Bugün ise durum çok farklı. Şartlar o derece zorlaştı ki, küçük girişimcilerin çok fazla tercih şansı kalmadı. Ya vergilerini ödüyorlar ve batma riskini göze alıyorlar. Ya da ayakta kalmak için vergi kaçırmaya devam ediyorlar."
. Vergi kaçakçılığı ekonomik bir gereklilik
"Vergi kaçakçılığı ekonomik bir gereklilik oldu. Tabii ki herkes için aynı durum söz konusu değil. Finans Bakanlığı birkaç haftadır ülkedeki en büyük 15 bin vergi kaçakçısının listesini tutuyor. Yunan medyasına göre, bu 15 bin vergi kaçakçısının devlete 37 milyar euro borcu var.

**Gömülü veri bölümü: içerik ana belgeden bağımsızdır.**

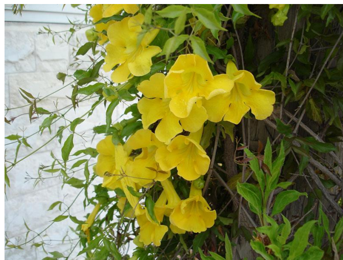
Εικόνα 2.40: Βιγκόνια (πηγή: http://www.gardenland.gr/full_product.php?prod_id=212 ).

Αειθαλές αυτοαναρριχώμενο φυτό, ταχείας ανάπτυξης με ύψος έως και 20-25 μέτρα. Τα άνθη της είναι μεγάλα, κίτρινου χρώματος που εμφανίζονται το Μάιο – Ιούνιο. Είναι ευαίσθητη στο κρύο ενώ οι εδαφικές απαιτήσεις δεν είναι μεγάλες. Μπορεί να καλλιεργηθεί σε φυτοδοχείο οι ζαρντινιέρες (εικόνα 2.40) (Κανταρτζής, 1999).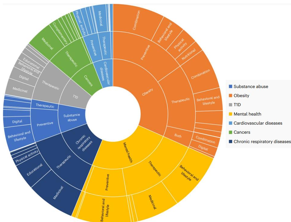
Figur 1: Oversikt over forskningstema om ungdom (Salam et al., 2024, s. 293)

Samfunnsvitenskapelig forskning på barn og unge bidrar til å forme våre forståelser, og kan dermed brukes som grunnlag for politiske beslutninger i form av politikk, tiltak og tjenester i profesjonsutdanningen og praksisfelt (Hagen & Lyng, 2019, s. 7). I Norge, som er en velferdsstat, har vi flere velferdsordninger og tjenester rettet mot barn og unge. God forskning på de ulike områdene kan blant annet bidra til å forbedre og videreutvikle disse ordningene, som igjen er nødvendig i takt med samfunnsendringene. Uten god forskning på område, kan det svekke vår allmennkunnskap og forståelse av tema, og den behandlingen ungdommene kan oppsøke, vil ikke bygge på faglig kvalitet. Etter hvert som samfunnet utvikler og endrer seg er det stadig behov for nyere og oppdatert forskning på området.

Fakat bu isimler açıklanmıyor. Neden? Çünkü bu 15 bin isim arasında ülkenin ekonomik ve siyasi elitine ait isimler de var. Bu da, siyasetin büyük bir bölümünü kirleten yolsuzluğun, yandaşlığın hala devam ettiğinin bir göstergesi."
. Faturayı ödemesi gereken, krizin asıl sorumluları
"Yunanistan, gerekli yapısal reformları yapmamakla eleştiriliyor. Oysa Yunanistan bu reformları yapmaya başladı. Vergi reformu, emeklilik reformu, istihdam piyasası reformu, eğitim sistemi reformu, üniversite reformu, sağlık reformu, kamu sektörü reformunu sayabiliriz. Son 18 aydır, yasa tasarısı bombardımanına tutulmuş durumdayız. Sorun bunların büyük bir bölümünün neoliberal bir yaklaşımla yapılması ve toplumun yüzde 70'ini memnun etmemesi. Yunan halkının talebi, krizin asıl sorumlularının, yani ekonomik ve siyasi elitlerin, faturayı ödemeleri. Oysa bugün yaşanan durum böyle değil."